Here are some financing arrangements that could help you cover your down payment and closing costs if you buy a new home before you sell your old one.

BRIDGE LOAN

Short-term financing intended to fund your down payment and closing costs while waiting to sell your house. The loans are usually short-term and carry high interest rates.

Pros: Provides flexibility by allowing a home buyer to proceed with closing a deal to buy a new house before selling his or her current home.

Cons: If potential buyers become aware that the homeowner has secured a bridge loan, it can serve as a red flag that the homeowner is under pressure to sell, which could elicit lower offers.
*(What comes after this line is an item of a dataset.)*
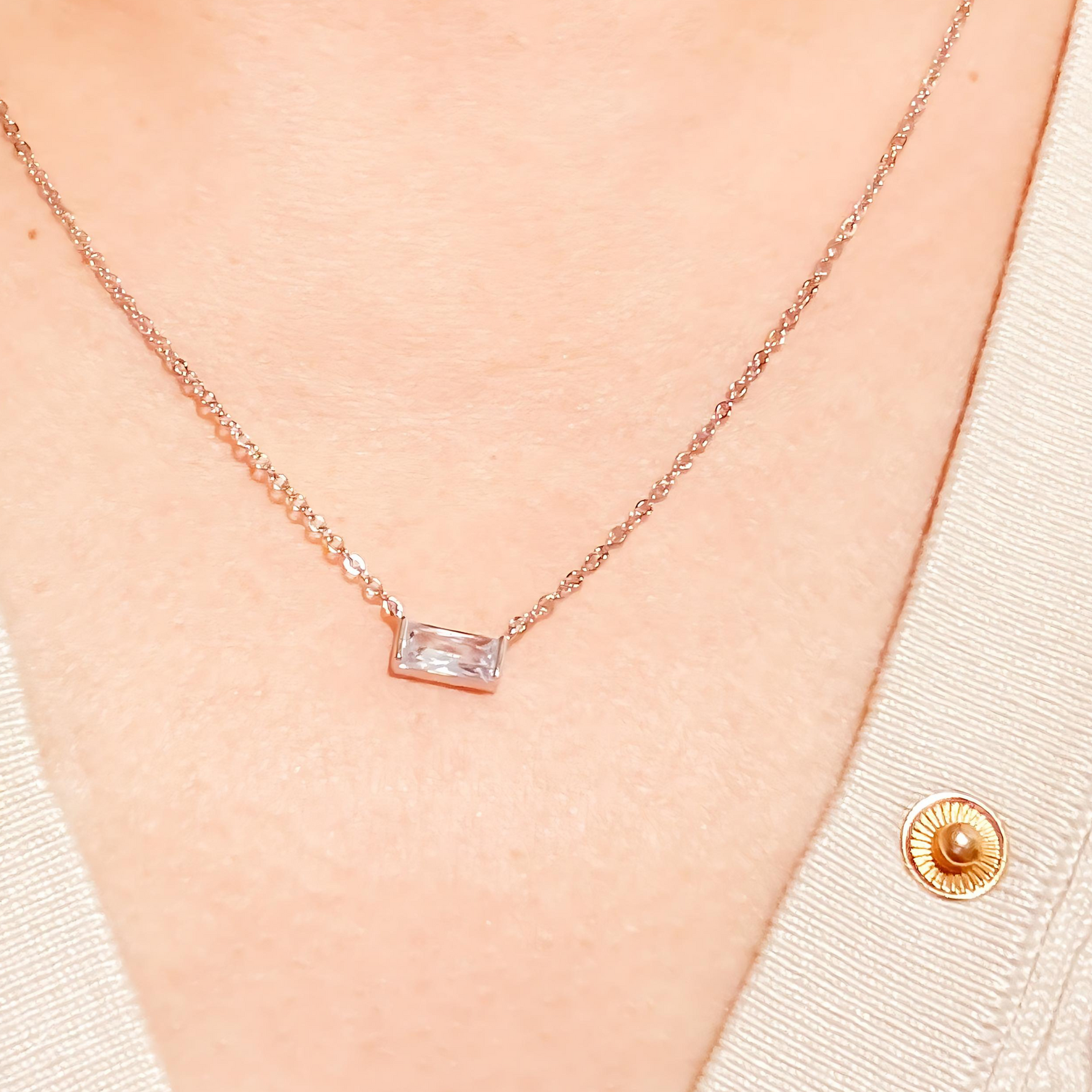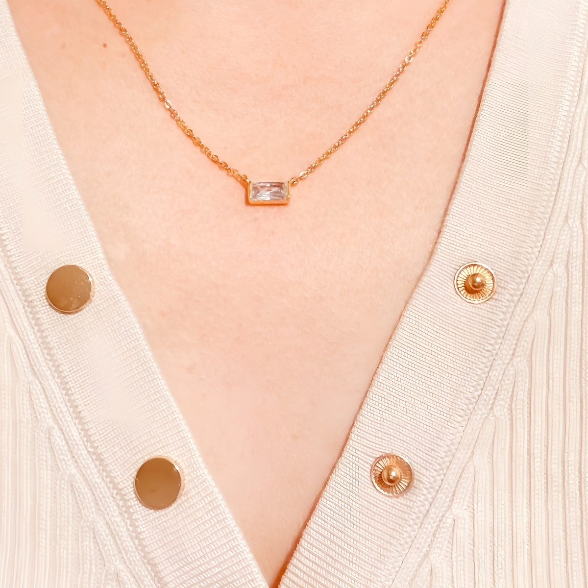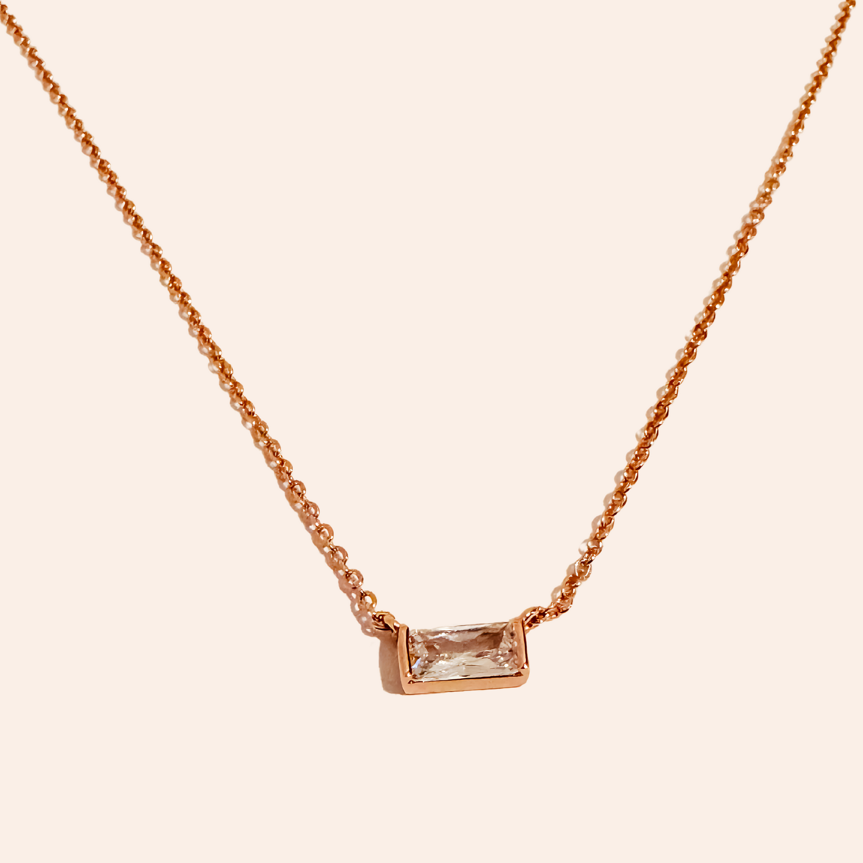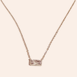 Minimal, yet magnetic, the Violet Necklace is a modern ode to quiet strength. Featuring a delicate baguette-cut crystal framed in 18k gold vermeil, its clean silhouette is softened by warmth, intention, and grace.
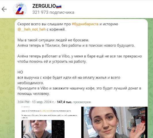 «Судя по этому посту, хозяйка кофейни теперь в Грузии, а релоканты собирают ей донаты - сообщается, что »выручка с кофе будет идти ей на оплату жилья и всего необходимого«», - пишет Колясников.

BRIDGE LOAN WITH DEFERRED INTEREST PAYMENTS

The bank provides a loan that pays off the current mortgage and allows the seller to use remaining funds to finance the down payment and closing costs on a new home purchase. The payment on the bridge loan is deferred for a set amount of time, usually six to nine months, while the homeowner tries to sell the existing home. When the borrower sells the home, he repays the bridge loan plus the interest.

Pros: The home buyer eliminates mortgage payments on the old house and the bridge loan payment is deferred. The upside for the seller is he seals the deal to sell his house without having to agree to a contingency on the sale, such as waiting until the home buyer sells his existing house before closing.

Cons: If a person is unable to sell his home before the term of the bridge loan expires, he will owe the interest that has accrued in one lump-sum payment. The bank may offer to extend the loan until a sale goes through but the borrower will still be liable for the interest that accrued during the first term on the loan.

100% FINANCING ON THE NEW MORTGAGE

The home buyer obtains 100% financing on the new mortgage and needs no down payment for the home, allowing him to buy even if he hasn't yet sold his current house, providing the buyer can get approved to hold two mortgages.

Pros: Allows the buyer to proceed with purchase without getting a bridge loan.

Cons: Mortgages with 100% financing are considered high-risk mortgages, primarily because they have allowed many people to purchase homes they can't really afford.